Error when using DistributedDataParallel on single-GPU machine

Hi, I’m using a 4 GPUs machine with torch.distributed for training, and I want to do the inference with the trained model on another mahcine with only one GPU. But when I run the code like this:

python -m torch.distributed.launch --nproc_per_node=1 visualizer_distributed.py.py

I got an error

Traceback (most recent call last):
  File "visualizer_distributed.py", line 21, in <module>
    model = torch.nn.parallel.DistributedDataParallel(model)
  File "H:\anaconda3\lib\site-packages\torch\nn\parallel\distributed.py", line 259, in __init__
    self.process_group = _get_default_group()
NameError: name '_get_default_group' is not defined
Traceback (most recent call last):
  File "H:\anaconda3\lib\runpy.py", line 193, in _run_module_as_main
    "__main__", mod_spec)
  File "H:\anaconda3\lib\runpy.py", line 85, in _run_code
    exec(code, run_globals)
  File "H:\anaconda3\lib\site-packages\torch\distributed\launch.py", line 235, in <module>
    main()
  File "H:\anaconda3\lib\site-packages\torch\distributed\launch.py", line 231, in main
    cmd=process.args)
subprocess.CalledProcessError: Command '['H:\\anaconda3\\python.exe', '-u', 'visualizer_distributed.py', '--local_rank=0']' returned non-zero exit status 1.

Here is the snippet of code

model = ...
model = torch.nn.parallel.DistributedDataParallel(model)
model.load_state_dict(torch.load(model_params))
model.cuda()

When I set the device_ids like

model = ...
model = torch.nn.parallel.DistributedDataParallel(model, device_ids=0)
torch.cuda.set_device(0)
model.load_state_dict(torch.load(model_params))
model.cuda()

I got:

Traceback (most recent call last):
  File "visualizer_distributed.py", line 21, in <module>
    model = torch.nn.parallel.DistributedDataParallel(model, device_ids=0)
  File "H:\anaconda3\lib\site-packages\torch\nn\parallel\distributed.py", line 259, in __init__
    self.process_group = _get_default_group()
NameError: name '_get_default_group' is not defined
Traceback (most recent call last):
  File "H:\anaconda3\lib\runpy.py", line 193, in _run_module_as_main
    "__main__", mod_spec)
  File "H:\anaconda3\lib\runpy.py", line 85, in _run_code
    exec(code, run_globals)
  File "H:\anaconda3\lib\site-packages\torch\distributed\launch.py", line 235, in <module>
    main()
  File "H:\anaconda3\lib\site-packages\torch\distributed\launch.py", line 231, in main
    cmd=process.args)
subprocess.CalledProcessError: Command '['H:\\anaconda3\\python.exe', '-u', 'visualizer_distributed.py', '--local_rank=0']' returned non-zero exit status 1.

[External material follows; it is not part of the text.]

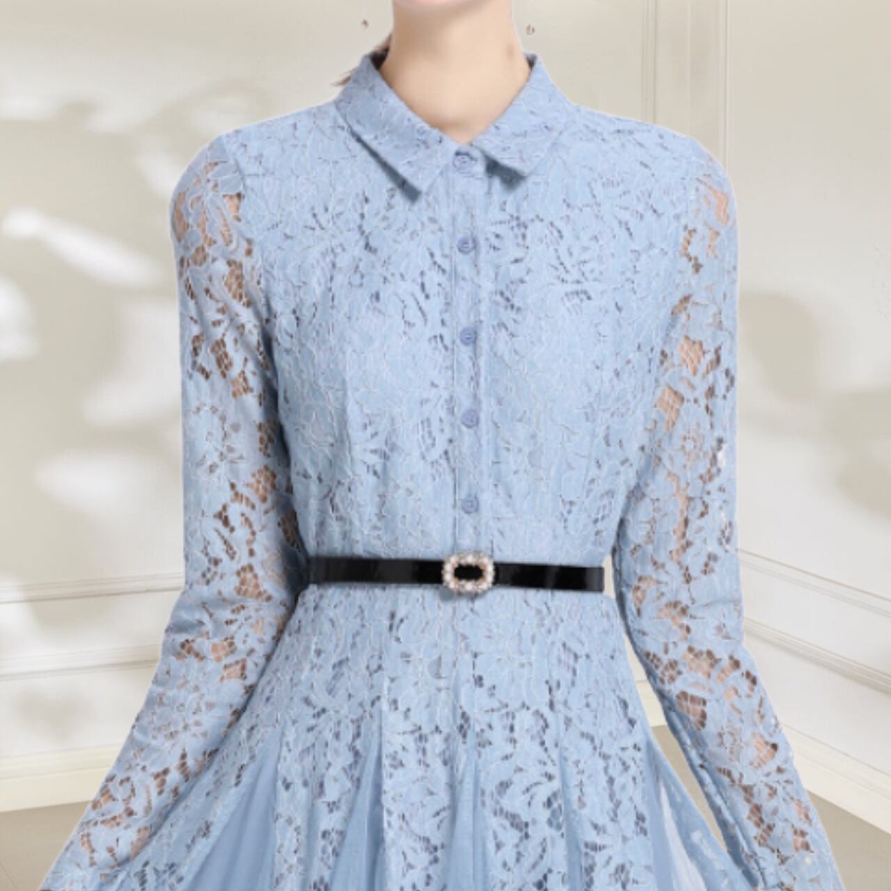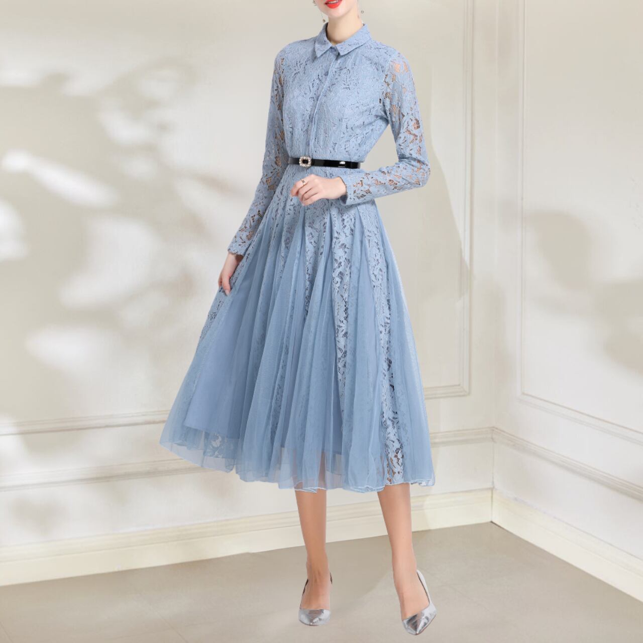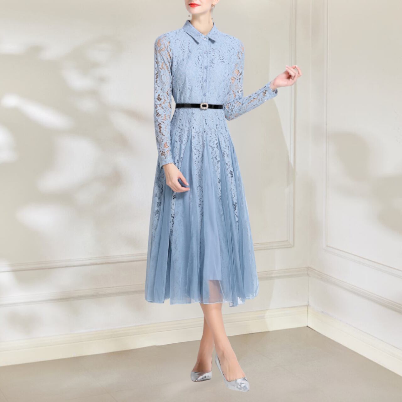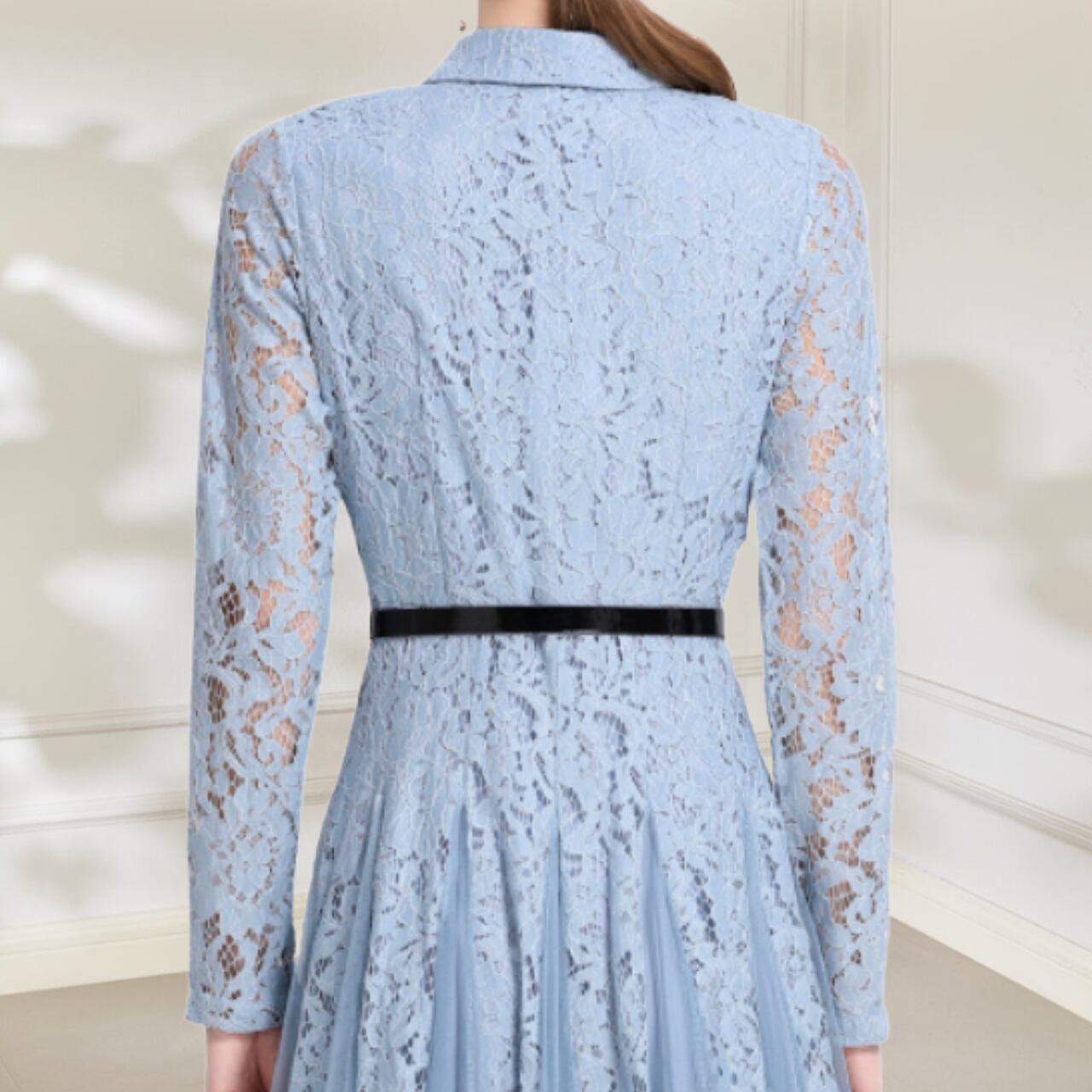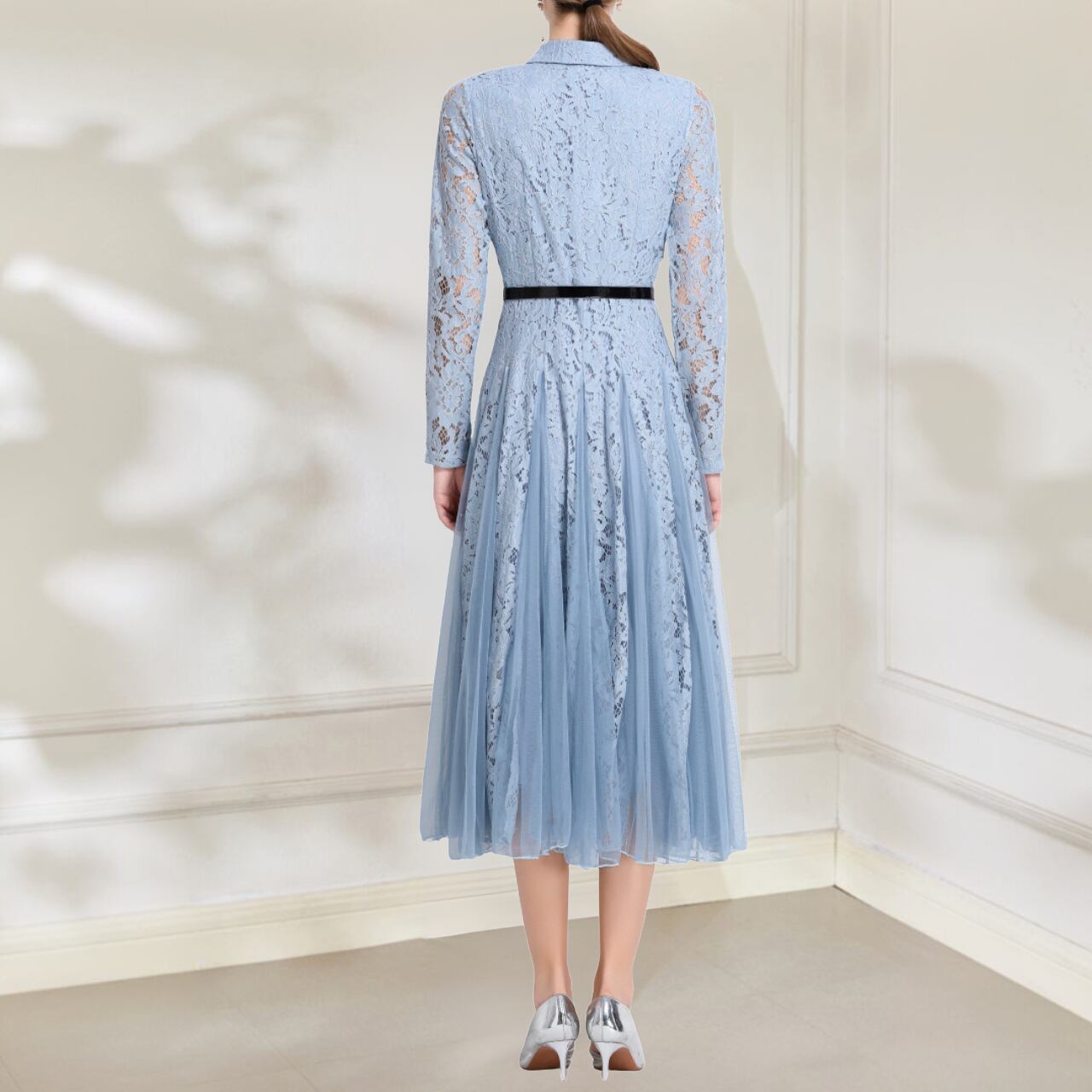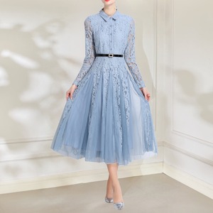 この華やかなライトブルーのドレスは、洗練された優雅さをまとったデザインです。淡いフラワープリントが繊細で動きを美しく引き立てます。

Does anyone know why the problem occurs and how to use DistributedDataParallel for inference on a single-GPU machine?

Thanks in advance!

Based on the error message it looks like you are using a Windows machine.
I’m not familiar with Windows, but I thought it doesn’t support distributed applications.
Were you also using Windows on the first machine?

Yes that’s right, I’m using Windows for inference and Ubuntu for training.

In that case I think you cannot use a distributed setup. :confused:
However, since you have a single GPU on your Windows system, you won’t get any benefits anyway. :wink:

So what should I do if I want to use the distributed model for inference in the single-GPU windows?

I was using nn.DataParallel in these two machines, I must call nn.DataParallel(model) before loading the model. I’m now just trying to do the same thing with DistributedDataParallel but got the problem. :sweat_smile:

I think the easiest way would be to store the state_dict without the nn.DataParallel .module attribute (I assume you are stuck there) as described here.

I see…

I will try to fix it, thank you for the help!